Im Einsatzprotokoll wird vermerkt, dass Polizisten um 1.29 Uhr „schwer bewaffnet“ in das Gebäude eindrangen. Zunächst würden sie dann „die für den Einsatz der Rettungskräfte notwendige Sicherheit herstellen“, berichtet ein Polizeisprecher.
„Aus Gründen des eigenen Schutzes wurden Rettungskräfte – wie in solchen Situationen geplant und zwischen Blaulichtorganisationen abgestimmt – erst verfolgt, nachdem die Polizei die Situation für sicher befunden hatte“, sagt er.
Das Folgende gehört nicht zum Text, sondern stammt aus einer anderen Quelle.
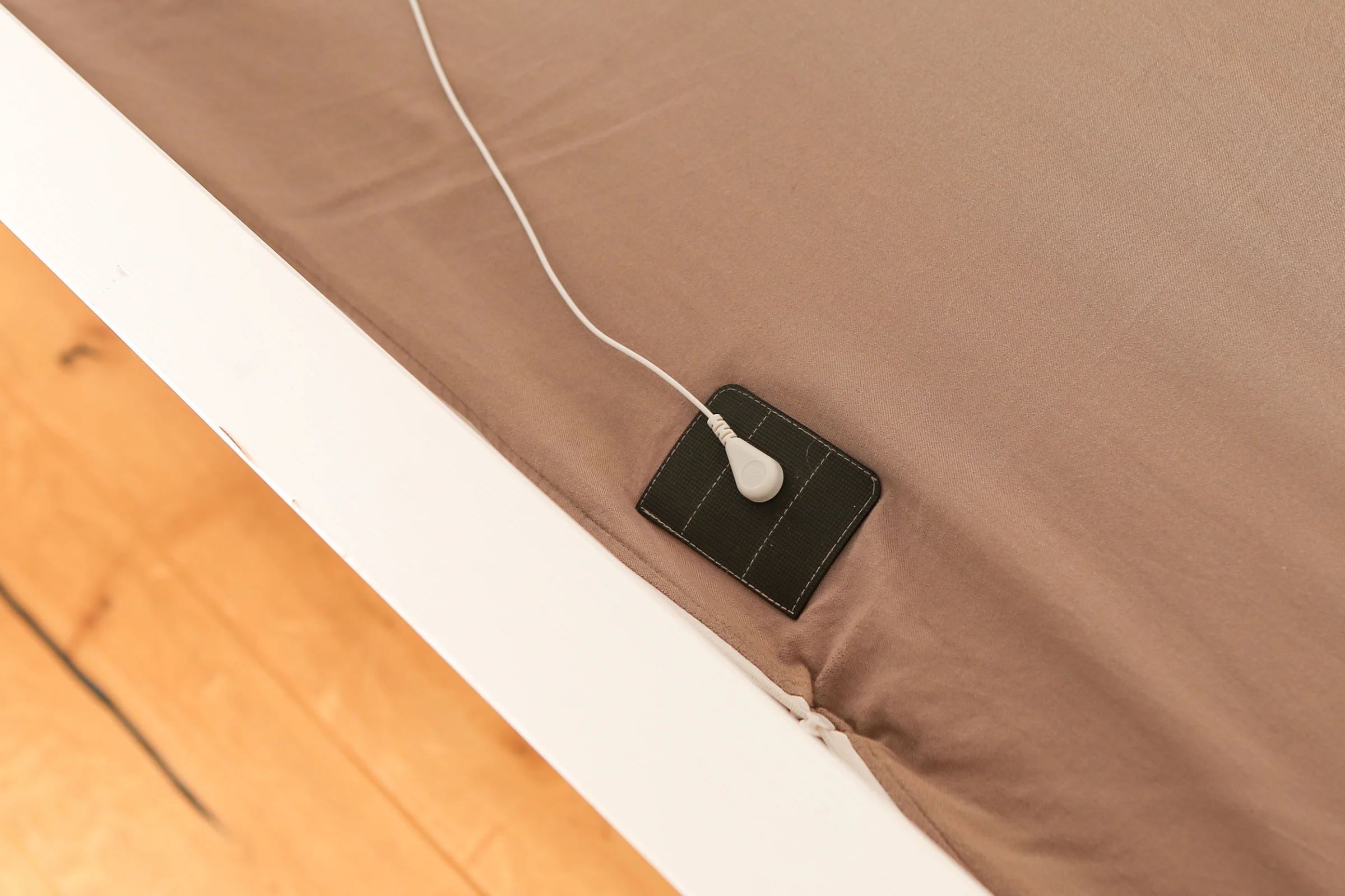 So einfach geht’s: Schliessen Sie das Erdnungskabel am Schlafsack an. Sobald Sie den Stoff berühren, wird die elektrische Spannung auf Ihrem Körper abgeleitet.

Dies hätte zwar zu zusätzlichen Verzögerungen geführt, musste aber zum Schutz der Hilfskräfte in Kauf genommen werden.
Eine Frau kann nicht gerettet werden
Laut Polizeiprotokoll betraten die Einsatzkräfte fünf Minuten später, um 13.34 Uhr, den Laden.
Doch auch wenn die Sanitäter und das Unternehmen längst im Geschäft waren – für die 44-Jährige kam jede Hilfe zu spät: „Nach den vorläufigen Obduktionsergebnissen hätte die Frau auch bei sofortiger Vollstreckung nicht gerettet werden können Arzt aufsuchen. Die inneren Verletzungen waren irreversibel“, sagt Oliver Weissflug.